··· THE DATA ···

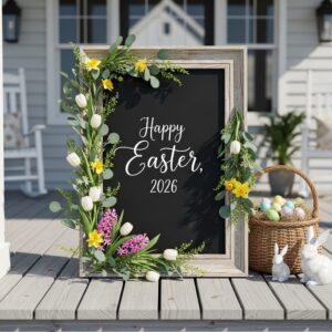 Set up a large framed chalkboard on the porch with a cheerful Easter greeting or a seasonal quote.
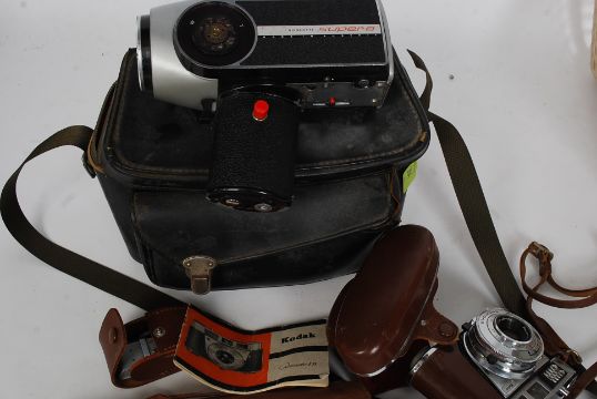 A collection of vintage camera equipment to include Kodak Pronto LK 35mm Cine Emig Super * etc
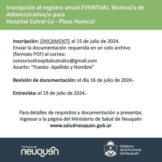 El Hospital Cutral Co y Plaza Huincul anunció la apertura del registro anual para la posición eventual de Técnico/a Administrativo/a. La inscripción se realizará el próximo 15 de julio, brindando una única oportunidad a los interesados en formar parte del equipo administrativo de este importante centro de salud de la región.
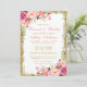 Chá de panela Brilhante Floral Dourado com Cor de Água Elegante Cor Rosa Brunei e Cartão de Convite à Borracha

···
··· THE DATA ···

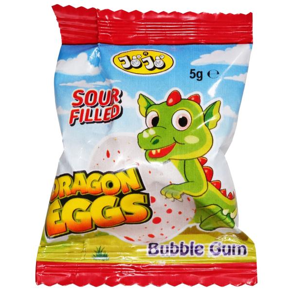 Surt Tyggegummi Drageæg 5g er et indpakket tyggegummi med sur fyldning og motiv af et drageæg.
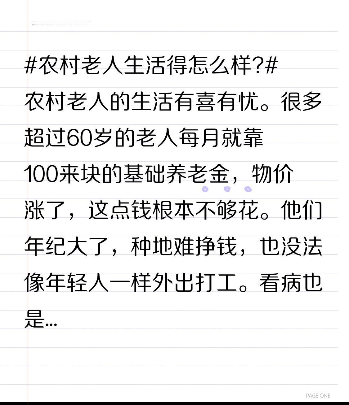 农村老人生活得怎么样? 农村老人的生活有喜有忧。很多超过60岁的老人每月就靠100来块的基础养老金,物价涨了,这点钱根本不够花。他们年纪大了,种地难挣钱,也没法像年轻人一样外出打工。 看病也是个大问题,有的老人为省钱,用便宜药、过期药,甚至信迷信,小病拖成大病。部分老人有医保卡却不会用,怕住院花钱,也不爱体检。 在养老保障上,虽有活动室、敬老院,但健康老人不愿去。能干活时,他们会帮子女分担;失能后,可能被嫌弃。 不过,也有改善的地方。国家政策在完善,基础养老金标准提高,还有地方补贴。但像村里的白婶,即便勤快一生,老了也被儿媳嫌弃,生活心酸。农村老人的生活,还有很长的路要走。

···
··· THE DATA ···

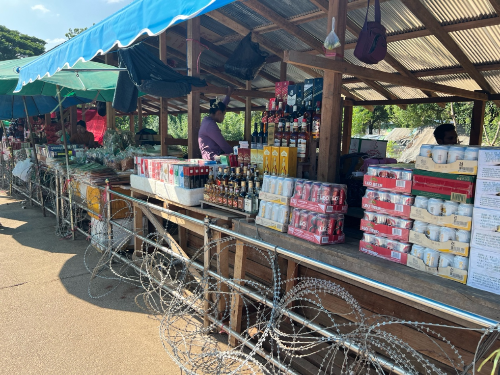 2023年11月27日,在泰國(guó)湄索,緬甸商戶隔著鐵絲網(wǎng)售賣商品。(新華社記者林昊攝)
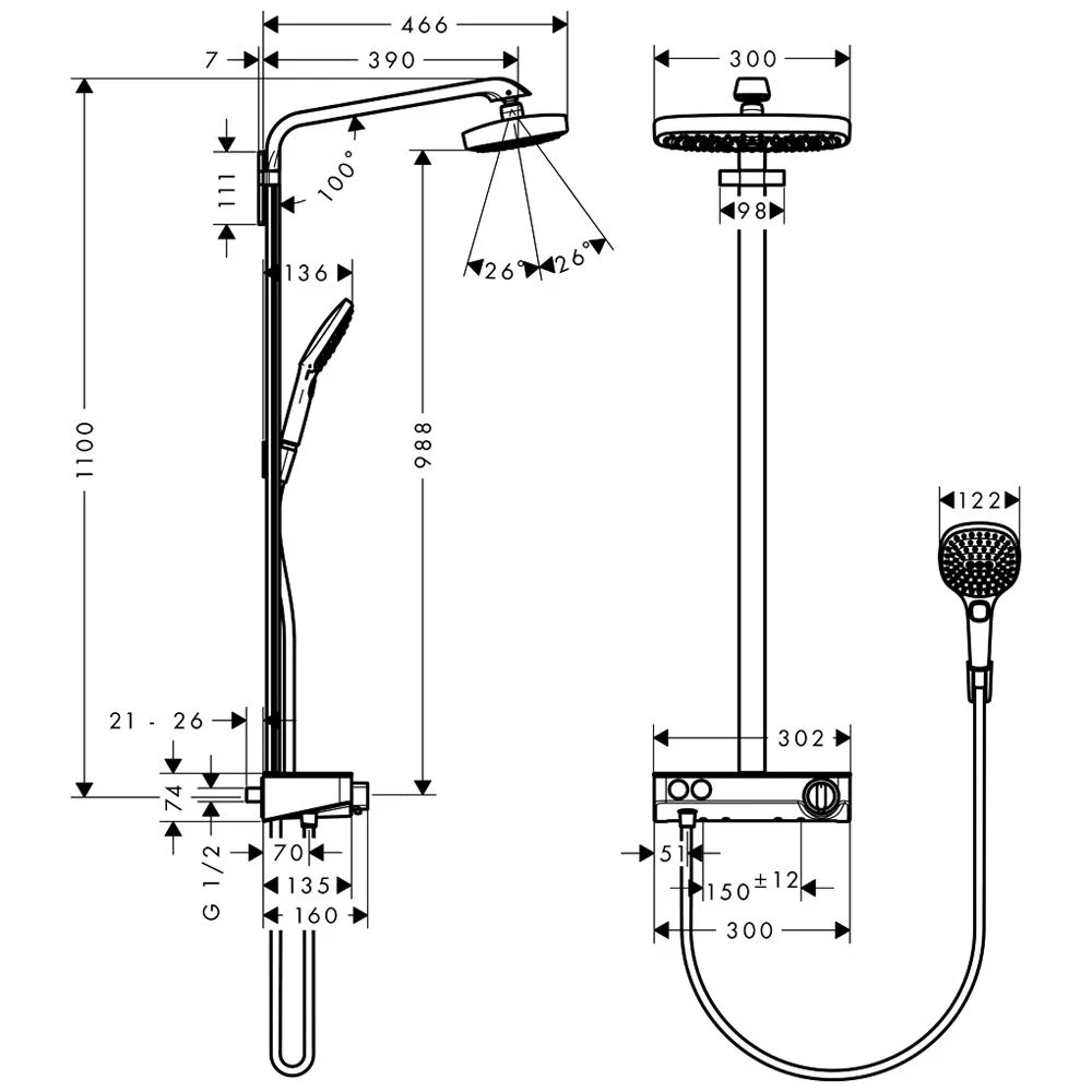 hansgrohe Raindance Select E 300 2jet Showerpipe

···

WORK REQUIRED - Only the lines above from the one containing "A collection of" through the one containing "Chá de panela" should be returned, verbatim and inclusive, with pictures excluded.

SOLUTION BELOW -
 A collection of vintage camera equipment to include Kodak Pronto LK 35mm Cine Emig Super * etc
 El Hospital Cutral Co y Plaza Huincul anunció la apertura del registro anual para la posición eventual de Técnico/a Administrativo/a. La inscripción se realizará el próximo 15 de julio, brindando una única oportunidad a los interesados en formar parte del equipo administrativo de este importante centro de salud de la región.
 Chá de panela Brilhante Floral Dourado com Cor de Água Elegante Cor Rosa Brunei e Cartão de Convite à Borracha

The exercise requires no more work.